ESSENTIAL DUTIES AND RESPONSIBILITIES
Other duties may be assigned.
Discharge Planning:
· In close collaboration with inpatient case managers and the interdisciplinary team, oversees discharge plans for patients transitioning from acute hospital care to post-acute care settings (e.g., skilled nursing facilities, home health, rehabilitation centers, hospice).
· Assess patient needs, preferences, and eligibility for post-acute care services, ensuring that discharge plans align with patient goals and clinical guidelines.
· Provide education to patients and families about post-acute care options, ensuring they understand their care plan, medications, and follow-up appointments.
Care Coordination:
· Serve as the primary liaison between the hospital, patients/families, and post-acute care providers to facilitate seamless care transitions.

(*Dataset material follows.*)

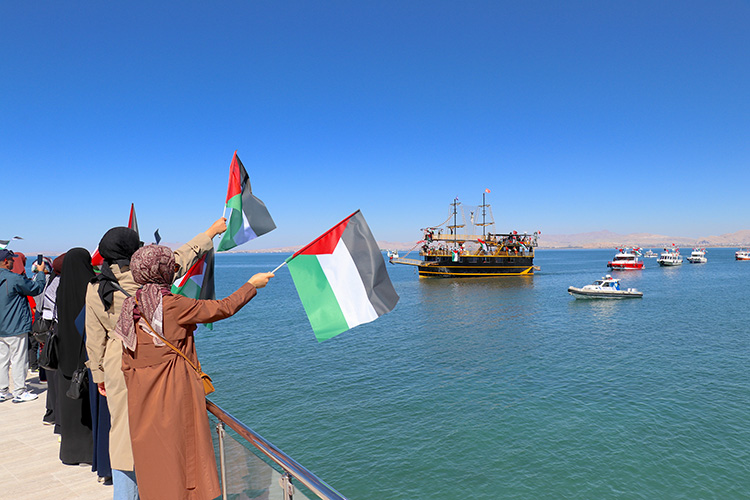 Van’da, İsrail ablukasını kırmak ve insani yardım ulaştırmak amacıyla Gazze’ye giden Küresel Sumud Filosu’na destek amacıyla bir araya gelenler, tekne ve kanolarla Van Gölü’ne açıldı, dalgıçlar da göle dalarak Türk ve Filistin bayrakları açtı.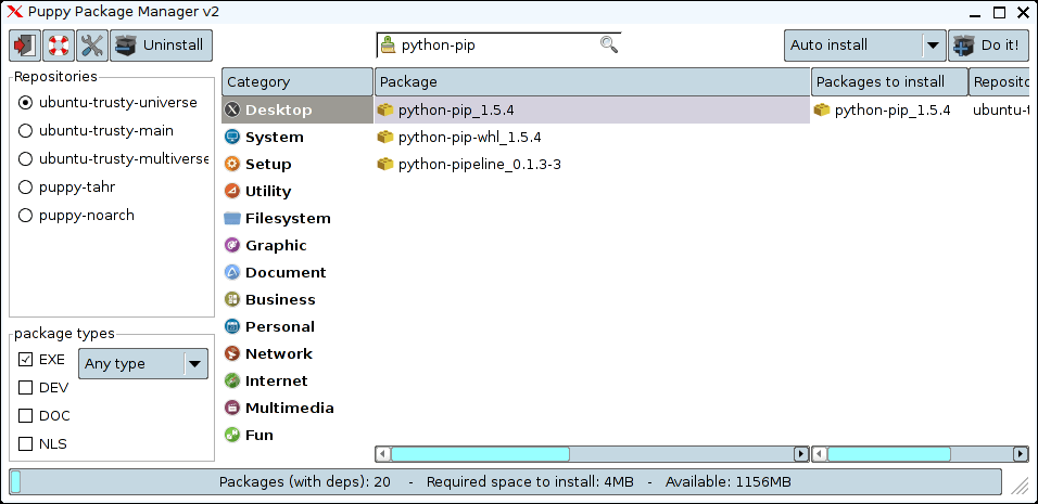 Open Puppy package manager by clicking Menu > Setup > Puppy Package Manager. Then enter python-pip in the search box. Select python-pip_1.5.4 and click Do it! button on the upper-right corner.

· Coordinate with insurance providers, social workers, and case managers to ensure timely appropriate authorization and coverage for post-acute care services.
Patient Experience:
· Advocate for patient needs and preferences throughout the discharge planning and post-acute care process.
Quality and Compliance:
· Ensure that all discharge and post-acute care plans comply with hospital policies, accreditation standards, and regulatory requirements, including those set by CMS and other governing bodies.
· Participate in quality improvement initiatives aimed at reducing readmissions, improving patient satisfaction, and enhancing care coordination.
Documentation and Reporting:
· Evaluates orders and medical record process to ensure safe post-acute care transitions.
· Reviews readmissions with post-acute providers to identify opportunities for improvement.
· Monitors and reports on key performance indicators related to post-acute care transitions, such as readmission rates and patient outcomes.
· Reports findings to readmission quality team.
Professional Development:
· Stays current with best practices in post-acute care coordination, discharge planning, and transitional care.
EDUCATION, EXPERIENCE AND QUALIFICATIONS
· Bachelor's degree in health-related field. Master’s degree preferred.
· Minimum of 3 years of experience in case management, discharge planning, or care coordination in an acute or post-acute care setting.
· Experience working with diverse patient populations, multiple payers, prior authorizations and the complexities of post-acute care services.
· Strong knowledge of post-acute care options, including long-term acute care, skilled nursing facilities, inpatient rehabilitation facilities, hospice and palliative care.
· Excellent communication, interpersonal, and organizational skills.
· Ability to work autonomously but collaboratively with interdisciplinary teams and external providers.
· Proficiency in using electronic health records (EHR).